1. From statistics to machine learning

Linear regression is frequently used in statistical data analysis, i.e., according to least squares, you can calculate its coefficient and intercept. For more details, please check the book. The model performance is examined by \(R^2\), and the significance for \(R^2\). For details, see the book.

Linear regression is also achieved via a machine learning algorithm. That is, gradient descent (GD). The operation of GD works by starting with random values for each coefficient. The sum of the squared errors are calculated for each pair of input and output values. A learning rate is used as a scale factor and the coefficients are updated in the direction towards minimizing the sum square errors. The process is repeated until a minimum sum squared error is achieved or no further improvement is possible.

All machine learning models are based on GD algorithms, which are different from statistical methods.

2. Machine learning and its main types

The two main paradigms of ML are supervised and unsupervised learning. Supervised learning is a subfield of ML concerned with finding a function f such that \(\hat{y} = f(x)\) where x is an input sample vector, y is an output sample vector, and \(\hat{y}\) is a predictor of y. Common supervised learning tasks include classification and regression. Unsupervised learning aims to find a function g which transforms an input sample x to a representation z in order to reveal underlying information about the input sample. A common unsupervised learning task is clustering.

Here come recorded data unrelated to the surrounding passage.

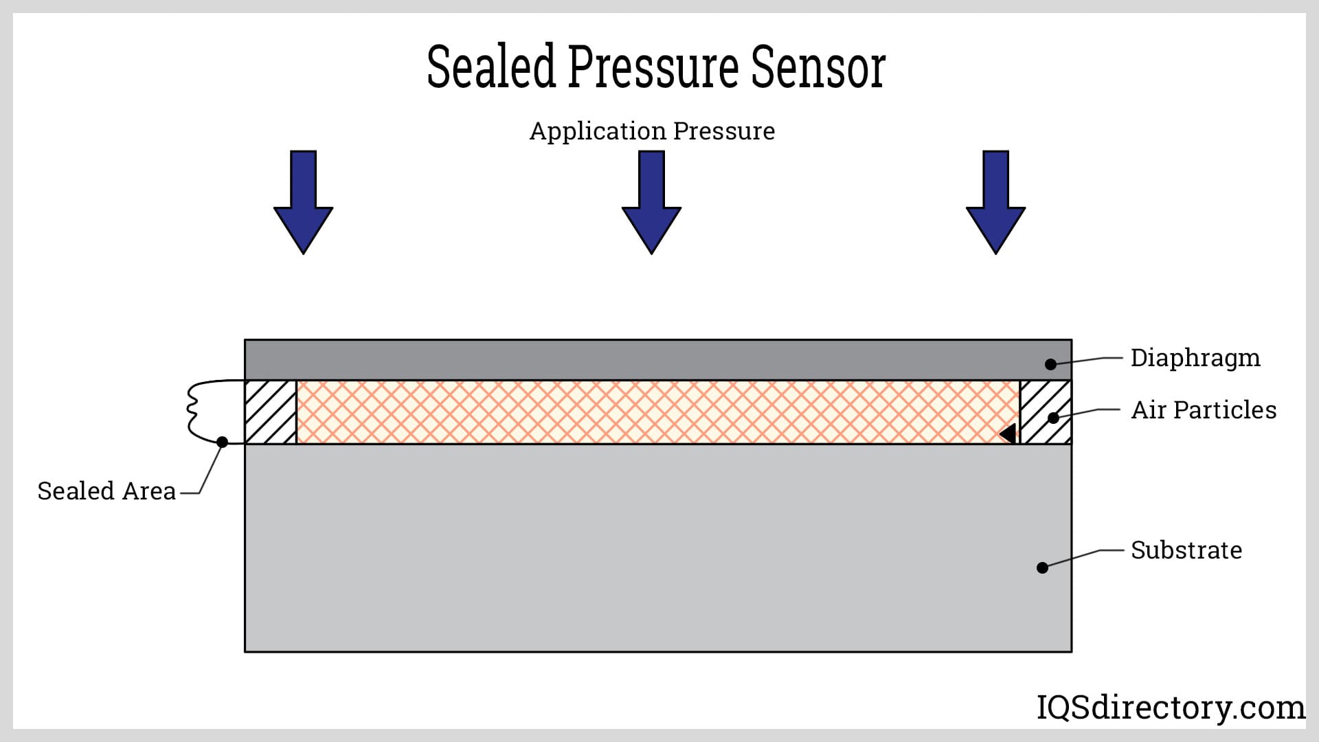 Sealed pressure sensors measure pressure using atmospheric pressure as a referent. They combine relative pressure with sealed sensor elements. The reference pressure for a sealed pressure sensor is atmospheric pressure trapped behind the sensor’s diaphragm, which is at 14.7 psi or sea level pressure. Sealed pressure sensors are used with applications that require a high-pressure range and consistent temperature where venting is not available.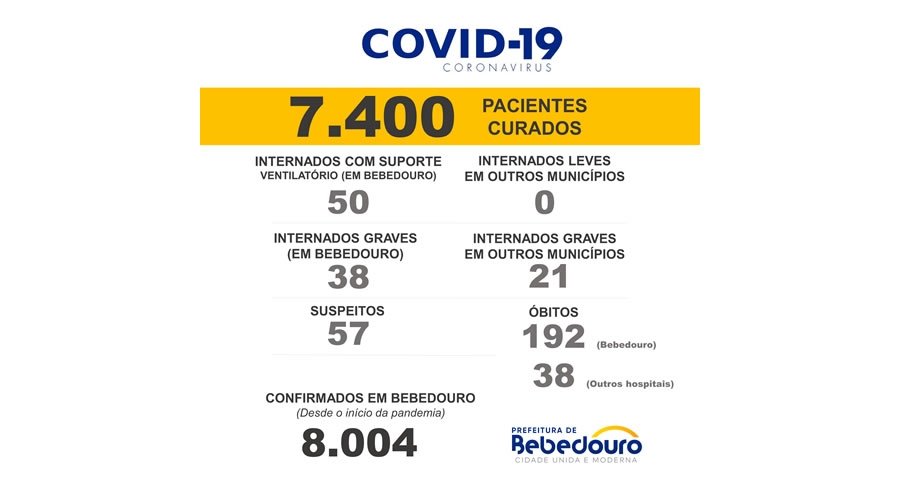 A Prefeitura de Bebedouro informa que foram confirmados 33 curados, 174 negativos e 121 casos positivos nesta terça-feira (01).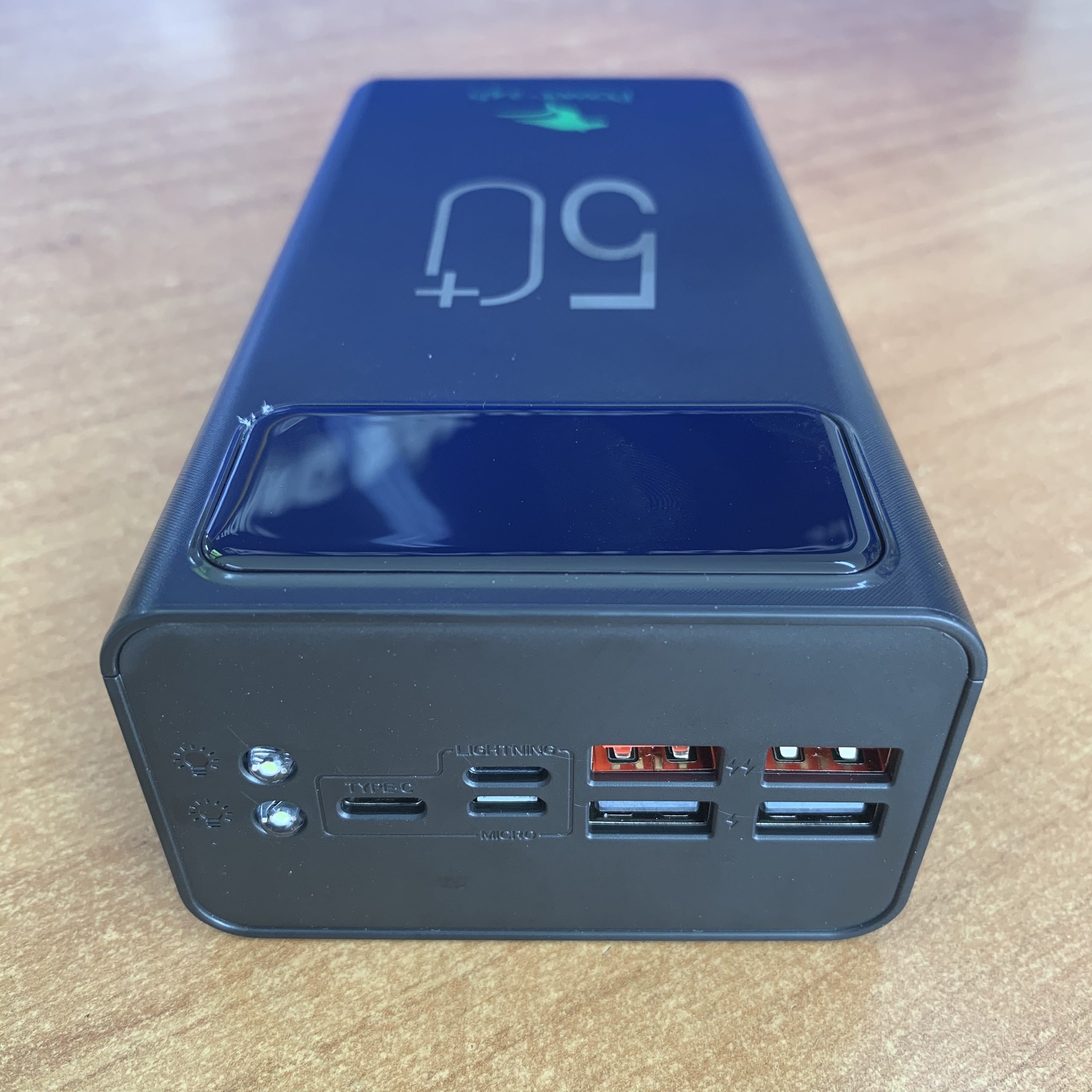 Sạc dự phòng H10-50.000 mAh còn trang bị 2 đèn pin siêu sáng, rất có ích khi đi vào khoảng đường tối hoặc mất điện đột ngột vào mùa hè

In machine learning algorithms, a parameterisable function \(f_{θ}\) is often defined. The parameters θ of the function can then be learned through an iterative process of updating the parameters and evaluating the performance of the function. This process is known as optimization or training; these training algorithms often rely on a function \(L(y, \hat{y})\) which quantifies how incorrect a prediction is compared to the target vector. This is usually known as the cost, error, or loss function, and is chosen depending on the task in hand.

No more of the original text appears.